Kind of a strange question even for fitness newbies.


----------



## ThreeGigs (Jun 5, 2012)

sassy69 said:


> Abs are made in the kitchen.



Ok, sorry, but I'm going to rant a bit here because I've heard this saying too many times.

Abs are made in the gym, just like any other muscle.
They are *EXPOSED* in the kitchen, by low bodyfat levels.


----------



## parsifal09 (Jun 5, 2012)

i did low bar squats yesterday

very light workout

i can feel it today in my core,especially abs

if u use low bar position, and drive up with your hips, ur going to feel it in ur abs


----------



## sassy69 (Jun 5, 2012)

ThreeGigs said:


> Ok, sorry, but I'm going to rant a bit here because I've heard this saying too many times.
> 
> Abs are made in the gym, just like any other muscle.
> They are *EXPOSED* in the kitchen, by low bodyfat levels.



Its a nice catch phrase that, yes simplifies the idea, but also reminds newbs that you can't do a million crunches and expect to see your abs.


----------



## SloppyJ (Jun 5, 2012)

Basically what it means is that you can build the biggest abs in the world but if your boddyfat is too high it will just hide them. 

People getting in the gym just to get abs is retarded IMO but I'd be willing to be that it's probably the reason about 60% of guys start working out.


----------



## LightBearer (Jun 5, 2012)

SloppyJ said:


> Basically what it means is that you can build the biggest abs in the world but if your boddyfat is too high it will just hide them.
> 
> People getting in the gym just to get abs is retarded IMO but I'd be willing to be that it's probably the reason about 60% of guys start working out.

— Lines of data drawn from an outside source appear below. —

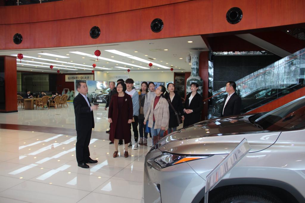 潍坊博瑞雷克萨斯汽车销售服务有限公司是潍坊唯一雷克萨斯品牌汽车销售服务公司,公司总投资近2亿元。杜经理及相关老师、员工在潍坊博瑞雷克萨斯汽车销售服务有限公司董事长杨学亭、总经理赵明华等公司领导的陪同下,参观了公司汽车营销展厅、机修车间、钣喷车间、顾客休息娱乐室,参观过程中,老师、同学对知名品牌汽车公司的理念、产品、服务进行了深入了解。
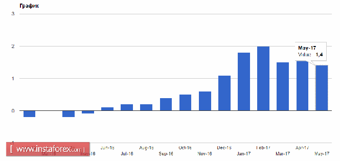 Согласно данным статистического агентства ЕС, предварительный индекс потребительских цен в мае этого года вырос лишь на 1,4% по сравнению с тем же периодом предыдущего года после роста на 1,9% в апреле. Стоит отметить, что данный уровень инфляции является самым низким в этом году. Экономисты прогнозировали уровень инфляции 1,5%. Базовая инфляция, которая учитывает волатильные категории товаров, а также цены на энергоносители, упала в мае до 0,9% против 1,2% в апреле.
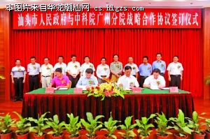 本报讯(记者林馥盛、陈静莹)昨天下午,我市举行汕头市政府与中科院广州分院战略合作协议签订仪式,标志着汕头与中科院广州分院的合作又跨入新的阶段,对于我市实施自主创新战略,推动科技创新、管理创新和商业模式创新,加快经济发展方式转变、建立以创新为内在驱动力的发展模式,再创特区辉煌都将起重要推动作用。市委书记李锋在致辞中表示,我市将以签署战略合作协议为新起点,本着优势互补、共谋发展、务实高效、互惠双赢的原则,积极主动对接,强化服务意识,拿出百分之百的诚意,拿出特区的办事效率,努力为中科院广州分院在汕头进一步拓展业务创造最好的发展环境。
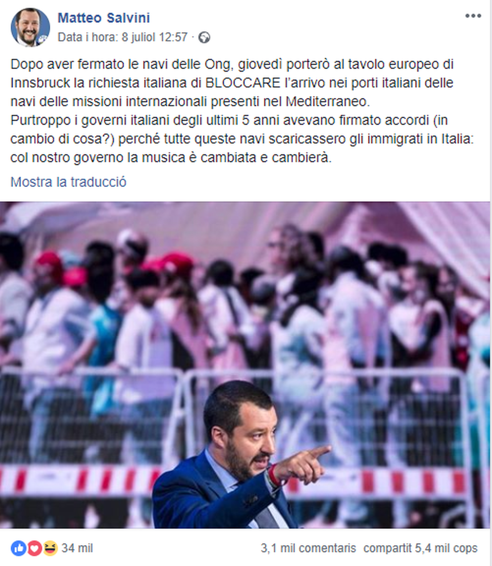 "Després d'aturar els vaixells de les ONG, dijous portaré al Consell europeu a Innsbruck la proposta italiana de bloquejar l'arribada als ports italians de les embarcacions de les missions internacionals presents al Mediterrrani. Lamentablement, els governs italians dels últims cinc anys han signat acords (a canvi de què?) perquè totes aquestes embarcacions descarreguen els immigrants a Itàlia. Amb el nostre govern, la música ha canviat i canviarà."
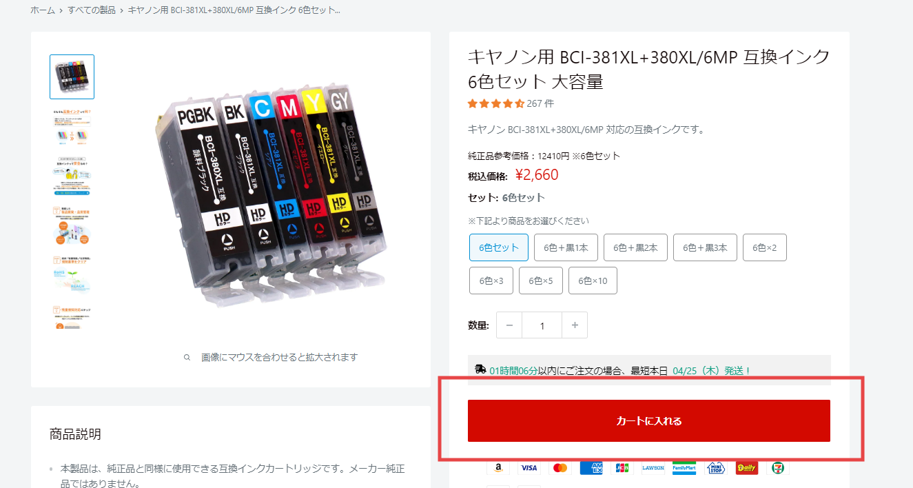 ステップ3 カートへ入れる

Exactly.  Drop bodyfat. Abdominal exercise has little to do with having "abs"

Sent from my DROID BIONIC using Tapatalk 2


----------



## JMedic79 (Jun 5, 2012)

sassy69 said:


> If you want to focus on cutting, you'd need to post up some more info on diet & training right now.



x 2. we can't help if we don't know. specifics about your diet will get you better answers.


----------



## pichardop1986 (Jun 5, 2012)

SloppyJ said:


> Basically what it means is that you can build the biggest abs in the world but if your boddyfat is too high it will just hide them.
> 
> Thanks SloppyJ for the simple answer I appreciate. This is what I was looking for. To all others thanks as well but remember I posted on the training because I was looking for training tips.


----------



## parsifal09 (Jun 5, 2012)

diet

and squats and deadlift will work ur abs


----------



## jimm (Jun 6, 2012)

lol @cutlers and heaths


----------



## ThreeGigs (Jun 6, 2012)

SloppyJ said:


> Thanks SloppyJ for the simple answer I appreciate. This is what I was looking for. To all others thanks as well but remember I posted on the training because I was looking for training tips.



I get asked at the gym all the time about my abs. By skinny guys, big guys, and guys that can bench what I deadlift. I'm somewhere around 15% bodyfat, and BBers with 10% ask for my abs routine. No other body part, just abs.  And I tell them all the same thing:

5000 meters every gym day on the rowing machine. Nothing else. No crunches, situps, planks, hanging leg raises....nada.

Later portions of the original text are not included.